--- START ---
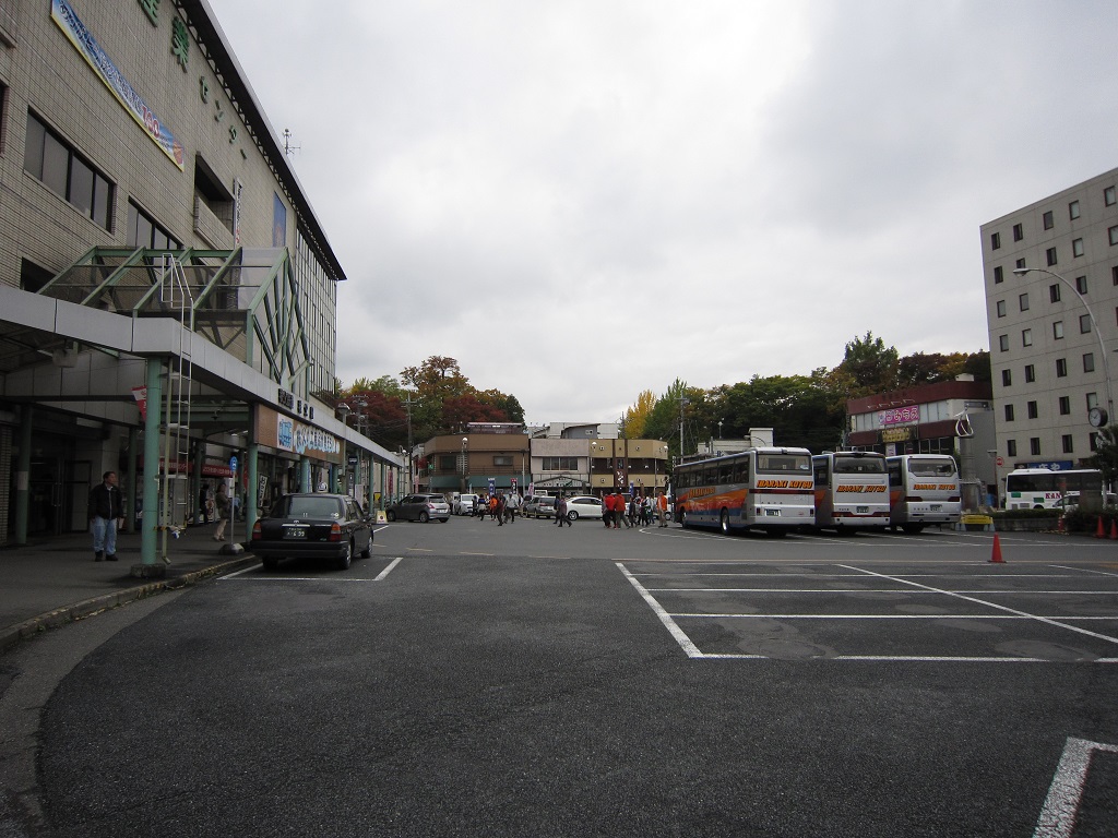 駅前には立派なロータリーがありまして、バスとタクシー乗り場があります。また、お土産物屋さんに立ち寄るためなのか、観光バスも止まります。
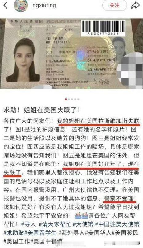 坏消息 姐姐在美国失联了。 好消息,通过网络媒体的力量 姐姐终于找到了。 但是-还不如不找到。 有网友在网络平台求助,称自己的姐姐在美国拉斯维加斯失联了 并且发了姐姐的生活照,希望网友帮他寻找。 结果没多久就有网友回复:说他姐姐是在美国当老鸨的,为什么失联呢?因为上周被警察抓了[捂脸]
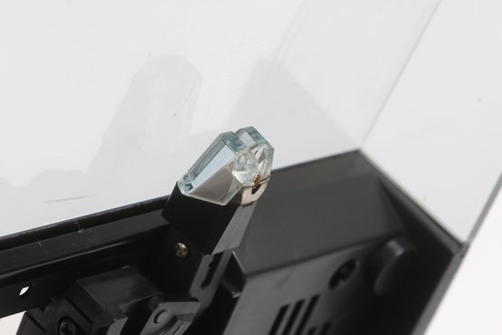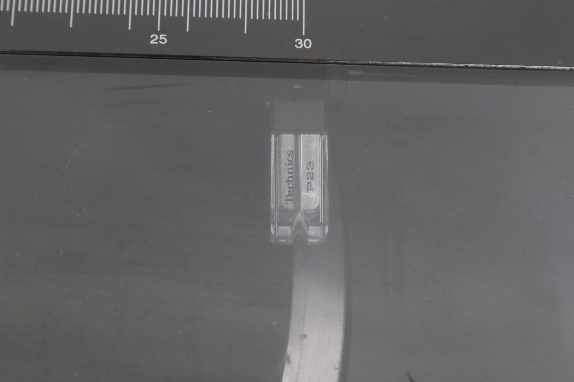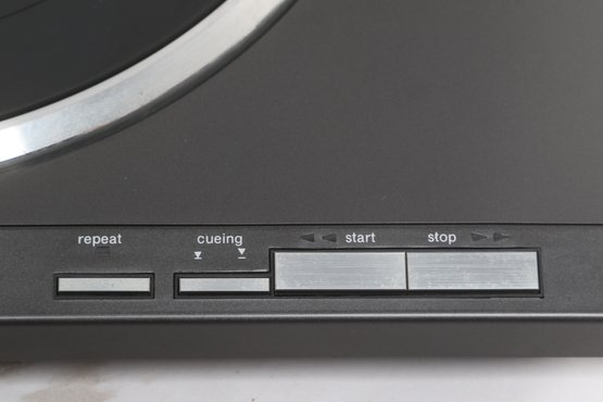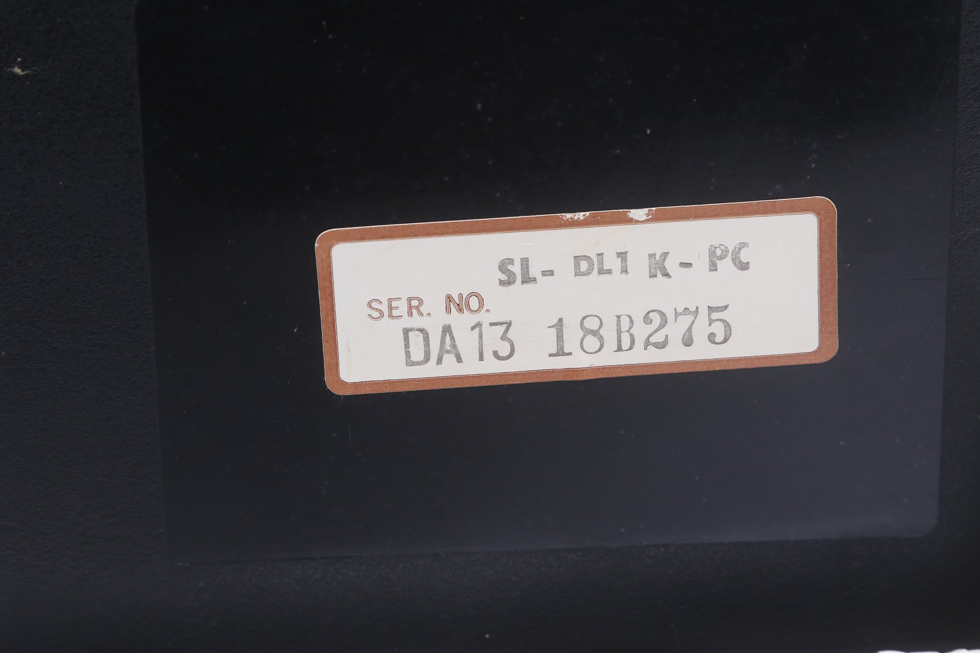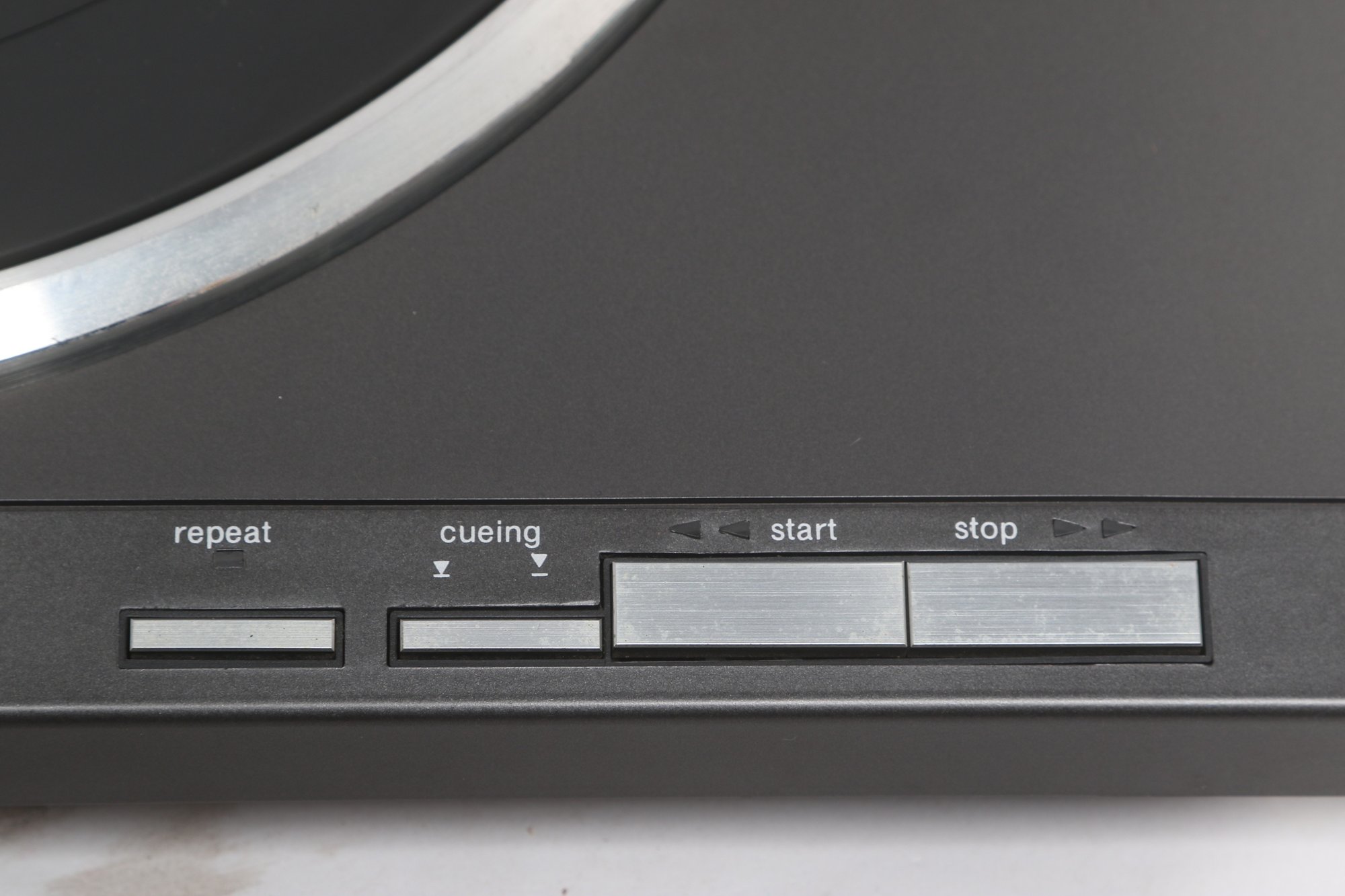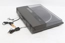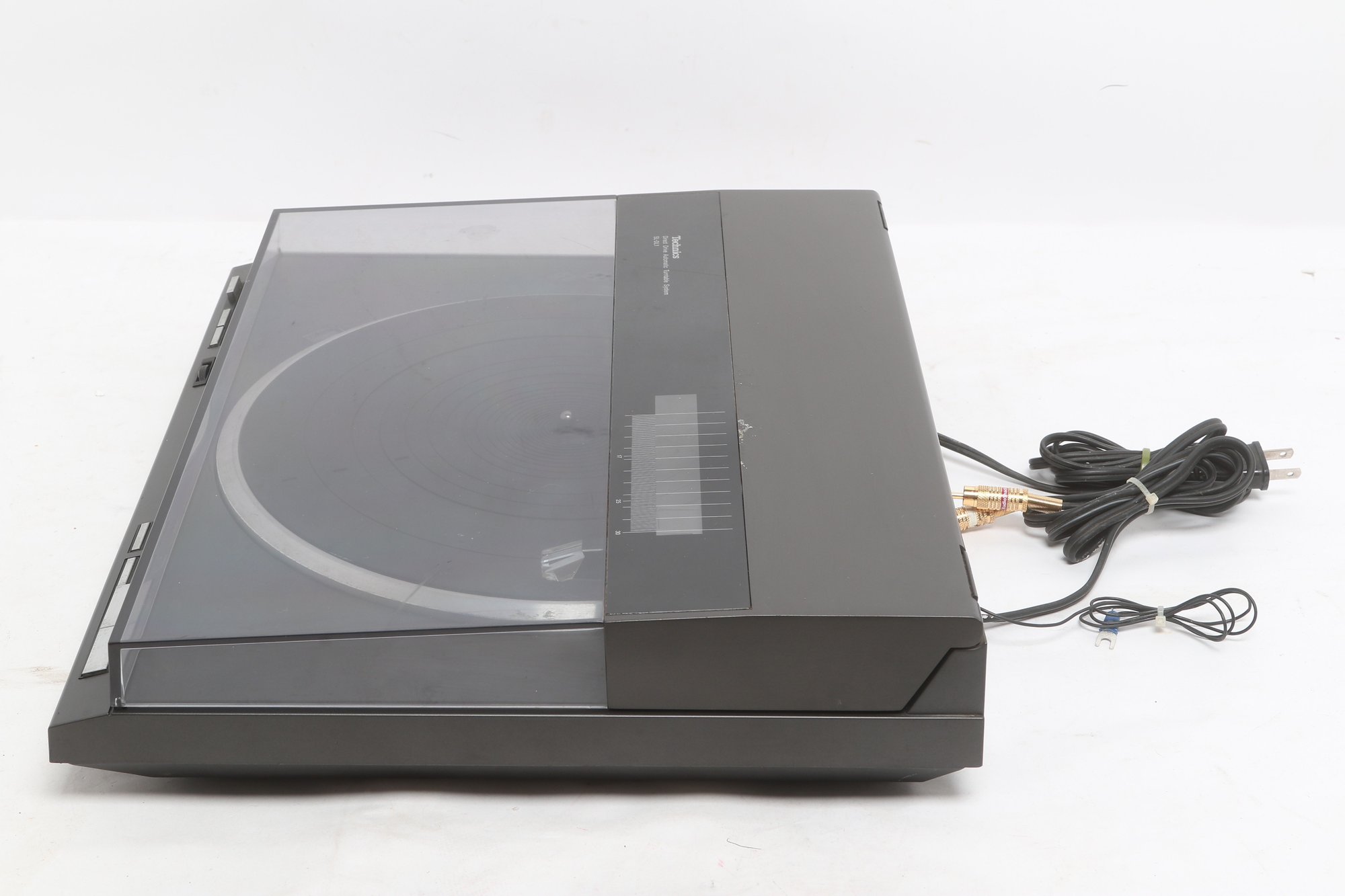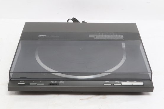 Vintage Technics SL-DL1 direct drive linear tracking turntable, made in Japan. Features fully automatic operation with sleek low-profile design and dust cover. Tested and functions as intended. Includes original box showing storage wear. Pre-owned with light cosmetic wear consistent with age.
--- END ---
> **INSTRUCTIONS FOR THE TASK**:
Leave out the pictures, then return every line of the data exactly.

> **OUTPUT FOR THIS TASK**:
 駅前には立派なロータリーがありまして、バスとタクシー乗り場があります。また、お土産物屋さんに立ち寄るためなのか、観光バスも止まります。
 坏消息 姐姐在美国失联了。 好消息,通过网络媒体的力量 姐姐终于找到了。 但是-还不如不找到。 有网友在网络平台求助,称自己的姐姐在美国拉斯维加斯失联了 并且发了姐姐的生活照,希望网友帮他寻找。 结果没多久就有网友回复:说他姐姐是在美国当老鸨的,为什么失联呢?因为上周被警察抓了[捂脸]
 Vintage Technics SL-DL1 direct drive linear tracking turntable, made in Japan. Features fully automatic operation with sleek low-profile design and dust cover. Tested and functions as intended. Includes original box showing storage wear. Pre-owned with light cosmetic wear consistent with age.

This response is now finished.